2. if memory serves...the gonzales case dealt primarily with interstate commerce ideas...with relation to the commerce clause. in addition... again, this is just from memory...there were a couple of other cases pending in lower courts that were 'tied in', so to speak, with this case....i think one had to do with personal possession of pornography. the overarching idea was that, though a specific intent to distribute wasn't shown, it is not necessary to trigger a justified suspicion that one could use the established illegal marketplace. now, i'm not saying that i necessarily agree with the decision, but this case, for me, isn't as offensive...legally, or otherwise.
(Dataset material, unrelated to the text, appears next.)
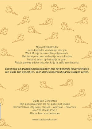 Mijn potjeskalender is een kalender van Muisje voor jou. Want Muisje is een echte potjescoach. Met behulp van een verhaaltje en stickertjes helpt hij je om op het potje te gaan. Plak je genoeg stickertjes, dan krijg je zelfs een diploma!

herodotus, you're right that the interstate commerce clause was the basis of Gonzales' argument. In a dissenting opinion, Clarence Thomas negated the applicability of that principle to this case, as the defendant cultivated and distributed his "crop" only locally, not across state lines. The probable cause of "intent" to distribute across state lines was the loophole Gonzales successfully argued. I wasn't suggesting that this decision is as offensive or corrosive to personal liberties as the principle of eminent domain, just that they both seemed symptomatic of the so-called "liberals" on the SCOTUS and their penchant for elevating central authority above local government, favor for some "greater good," and disregard for local legislation. I also linked the cases for their chronological proximity, KvCNL following right upon GvR in June '05.
testud-
1. what's interesting for me in these two examples is the differing treatments by scalia. he has always been exceedingly supportive of police authority and patrol, but is also leary of an overreaching court in local/executive/legislative issues. here we see that dynamic at work. in gonzales, he sides with his tendency to police action...and with kelo he reverts to his federalist judicial construct. this is why scalia fascinates me....where the ginsbergs and thomas' are predictable, scalia has a 'nuanced' judicial philosophy. yet, he is treated as some sort of fundamentalist troglodyte by the left.
2. and yes... this is a perfect example of an intellectual dishonesty that is pervasive in most parts of the modern leftist/progressive political movement. in fact, i can think of no better example...chronologically, or otherwise.